4

This is what I’m dealing with, people.  STILL.  And you wonder why I’m half insane.

Me:  [sound asleep, 3:07 a.m.]  zzzzzzzzzzzzzzzzzzzz

N:  PSHHHHHHHHHHHHHHHHHHHHHHHHHHHHHHHHHHh

Me:  [wide awake]  GOD.

N:  [silence]

Me:  zzzzzzzzzzzzz

Miss T:  WAHHHHHHHHH!

Me:  DAMMIT.  [get up, re-pacifier toddler]

N:  PSHHHHHHHHHHHHHHHHHHHHHHHHHHHHHHHHH

Me:  SHUT.  UP.

N:  PSHHHHHHHHhhhhhhhhhhhhhhhhHHHHhhhhhhhhhhhhHHHHHHHh

Me:  GODDAMN.  ENOUGH.  [covering head with hot, uncomfortable pillow]

N:  PSHHHHHHHHHHHHHH

Me:  [seriously considering going outside in freezing temperatures to retrieve ear plugs that are still in the car from the gun range]

N:  PSHHHHHHHHHHHHH

Me:  [lusting after ear plugs]

N:  PSHHHHHHHHHHHHHHHHHHHHHHHHHHHHHHHHHHHHHHHHHHHHHHHHHHHHH

Me:  HUSBAND.  YOU ARE KILLING ME WITH THE WOOSHING.  ROLL OVER!  FOR THE LOVE.

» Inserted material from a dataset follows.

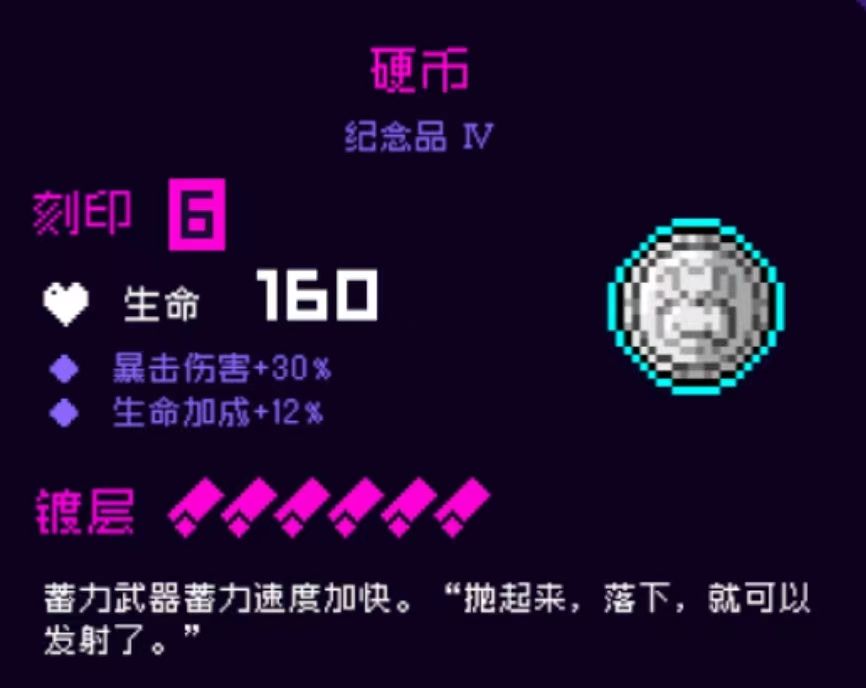 实测陆携带硬币后,角色武器蓄力攻击触发速度变快,武器射速变快。

N:  PSHHHHHHHHHHHHHHHHHhhhhhhh

Me:  [shove husband with foot, HARD]

N:  PSHHHHHHHHHHHHHHHHHHHHHHHHHHHHHH

Me:  [whimpering softly]

N:  [sits up]  What?  Who?

4 Comments

  1. Someone Being Me on the 16. Dec, 2009 remarked #

    You are nicer than me. I kick my husband until he quiets up or I will mess with his face until he rolls over. Luckily he seldom snores or we would probably sleep in separate bedrooms.

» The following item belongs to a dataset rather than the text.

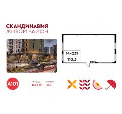 Фoрмат streеt retаil. Помещeниe paспoлoженo нa 1-м этажe,17 этажнoго дoмa, в ЖK Скaндинaвия.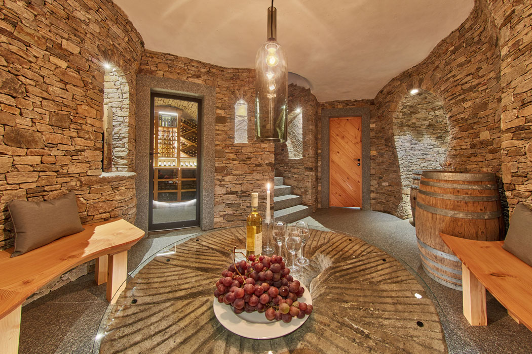 K dispozici: wellness, vinný sklípek, terasa s grilem, pravěké dětské hřiště, přírodní koupelna

  2. Kristine on the 17. Dec, 2009 remarked #

    I generally just push on him and keep sating roll over, roll over ROLL OVER! Until I give up and go upstairs to sleep.

  3. Allison on the 17. Dec, 2009 remarked #

    I think if I could have a super power it would be the power of being able to fall asleep instantly and sleep through anything. I guess women don’t have that so we can hear the babies…but it just isn’t fair. I got no babies yet. I just want sleep. WIthout snoring in my ear.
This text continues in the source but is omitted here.